Lenny Kravitz: Mick Jagger. God gave me everything. Yeah, he came to my place in Miami and I’d written the track. I had a little bit of melody, but I didn’t want to finish it. I wanted him to come up with the verses especially. So, I played him the track. I sang him the basic melody of the hook and he said, okay, I’ll be right back. He asked for a pad and a pen and he went into this little corner of my house for about 30 minutes. Comes back with the words. He’s got it. So I said, okay, why don’t you go in there and do a vocal? In his mind he was doing a dummy vocal. It was just a guide vocal. So he goes in there and I’m sitting behind the console. He starts singing it and Craig was sitting next to me and I looked over Craig and I said, holy shit. It sounds like Mick Jagger. All of a sudden it was a record and that was blowing my mind to hear his voice coming through the microphone into the studio on this song that we’re writing. And so he comes out, he kills it. One take, comes out and he says, yeah, that’s cool, but I’ll get the real vocal later. And I’m thinking to myself, are you out of your mind? That vocal was incredible. Feel, pitch, everything, rhythm. Day after day after day after day, he kept going in to sing it again and again and again.

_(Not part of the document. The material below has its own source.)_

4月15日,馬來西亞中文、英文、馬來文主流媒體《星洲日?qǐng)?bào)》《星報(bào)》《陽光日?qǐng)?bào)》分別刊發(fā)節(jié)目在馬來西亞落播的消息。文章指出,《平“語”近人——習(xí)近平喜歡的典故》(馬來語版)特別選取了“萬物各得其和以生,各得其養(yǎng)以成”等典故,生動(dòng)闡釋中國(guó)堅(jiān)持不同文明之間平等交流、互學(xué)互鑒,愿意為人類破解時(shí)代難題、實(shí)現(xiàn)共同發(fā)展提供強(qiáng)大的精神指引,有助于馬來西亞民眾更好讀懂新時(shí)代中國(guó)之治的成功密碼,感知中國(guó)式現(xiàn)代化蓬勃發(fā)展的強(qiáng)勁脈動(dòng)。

Zane Lowe: Do you know what he was looking for?

Lenny Kravitz: Maybe it happened too fast. Sometimes, you think, well, if it just happened like that, I need to work on it or make it better. I don’t know what he was thinking. Maybe he didn’t like it that much and he and I got into it a bit and that’s my man. I respect him so much and love him so much. He’s been a great friend throughout all these years. But I said, this vocal is incredible. And finally, after doing it 10 times, he finally gave in and I thought, thank God. And that’s the vocal you hear on the record, one take done. Yeah.

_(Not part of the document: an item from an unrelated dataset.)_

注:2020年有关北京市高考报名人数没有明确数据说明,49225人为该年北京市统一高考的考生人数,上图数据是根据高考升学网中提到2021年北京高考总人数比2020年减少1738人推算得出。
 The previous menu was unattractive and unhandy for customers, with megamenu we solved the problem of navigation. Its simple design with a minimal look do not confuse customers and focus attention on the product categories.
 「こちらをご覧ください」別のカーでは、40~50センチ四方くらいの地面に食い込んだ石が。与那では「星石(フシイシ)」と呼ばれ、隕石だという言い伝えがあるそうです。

Lenny Kravitz talks to Apple Music about why he works out in his street attire

I don’t care what I’m wearing. I’ve worked out in everything. If I’m doing cardio, no, I’m going to put on something that I can sweat in. Sure. If I’m lifting weights, I don’t sweat so much. I show up in what I show up in. And it’s funny because I also train with professional athletes, NFL players, major league, baseball players, wrestlers, boxers. They’ll see me come in some jeans and boots and one of those shirts that my daughter talks about that was brilliant, and they laugh. It’s like, we’re going to work out with him wearing that. And then, I destroy.